Speed Control for Linear Induction Motor Based on Intelligent PI-Fuzzy Logic

Ahmed H. Ahmed, Ahmed S. Yahya, Ahmed J. Ali

Abstract


Nowadays, linear induction motors (LIM) are most used in applications such as transportation, liquid metal pumping, material handling, etc. These applications require large forces and high constant speed under changes in load. The LIM suffers from change in speed as a result of the force loads applied to it instantaneously, which causes high ripple in the force response and not constant speed. This research proposes solutions to these problems by designing an intelligent controller to improve the response variable-speed with different forces.
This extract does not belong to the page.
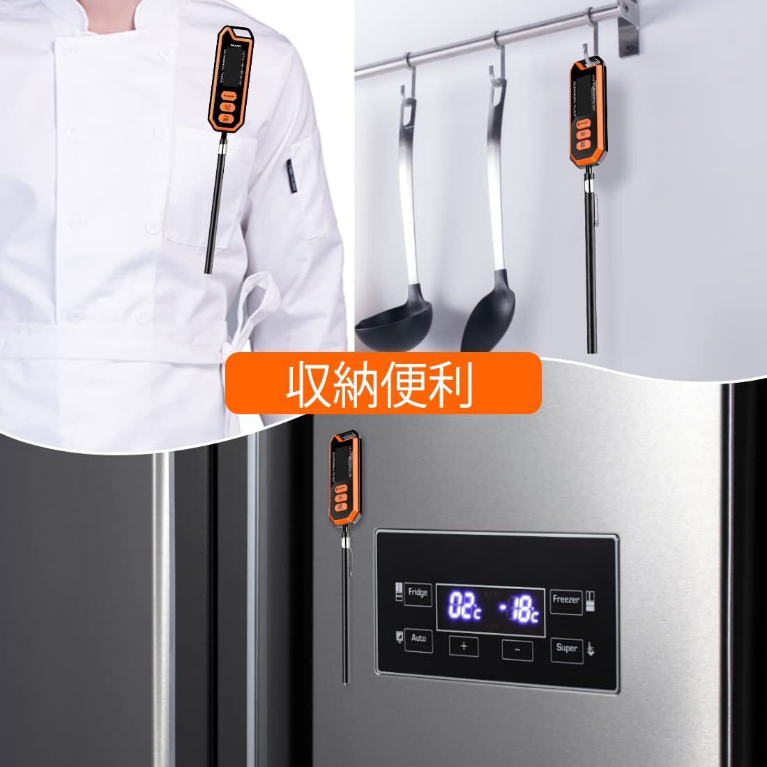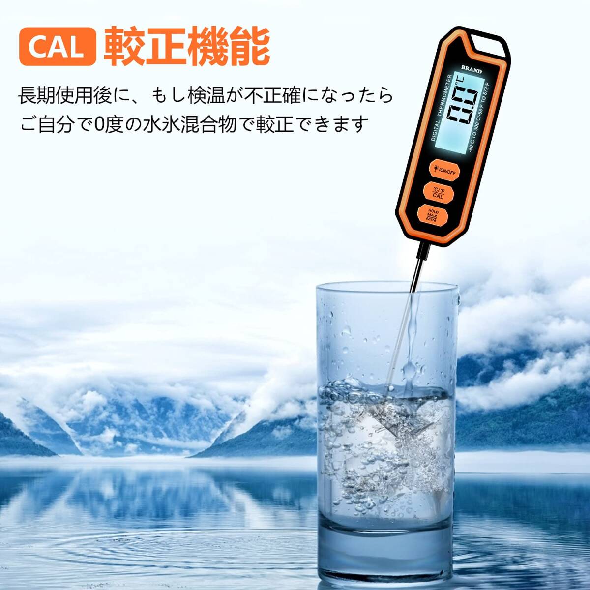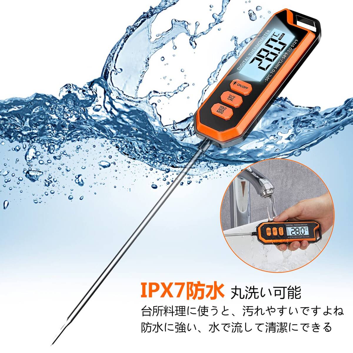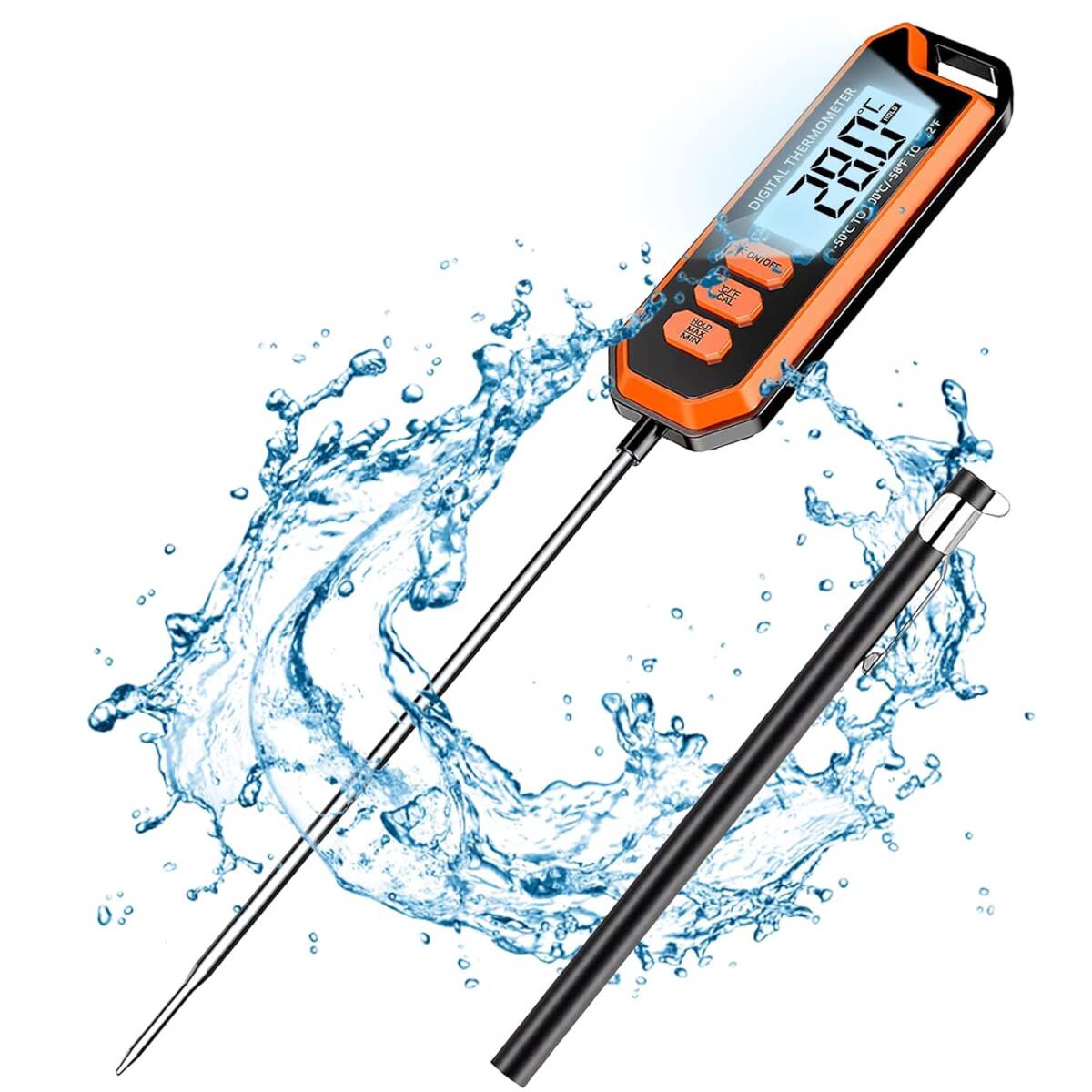 耐久性抜群 防水速読温度計、超長いプローブ、丸洗い可能、2 - 4秒速読、高精度

LIM was represented by d-q model using MATLAB/Simulink based-on equivalent circuit equations for LIM and study dynamic performance of this machine. The motor was operated at different speeds and loads; the speed change was observed when the load changed. a PI-controller was designed to control velocity of the machine and keeping its velocity constant at load changes. the values of gains (Kp, Ki) was taken manually by using Ziegler method and this requires a long time as tuning the gain values at every reference speed. An intelligent self-tuning fuzzy-PI controller was prepared to select best values of gains and compared with PI-controller. The simulation outcomes display that fuzzy-PI controller has improved speed and force moving performances machine than PI-controller since we obtained least ripple in the force response. The results obtained in the simulation are interesting, given that the Fuzzy-PI controller designed has nonlinear behavior that achieves wide range of speeds operation for the machine at variable forces compared with traditional PI-controller, and this gave clear improvement in the engine’s performance.


Keywords


Linear Induction Motor (LIM); Proportional Integral (PI)-Fuzzy Logic Controller; D-Q Mode (LIM); Speed Control.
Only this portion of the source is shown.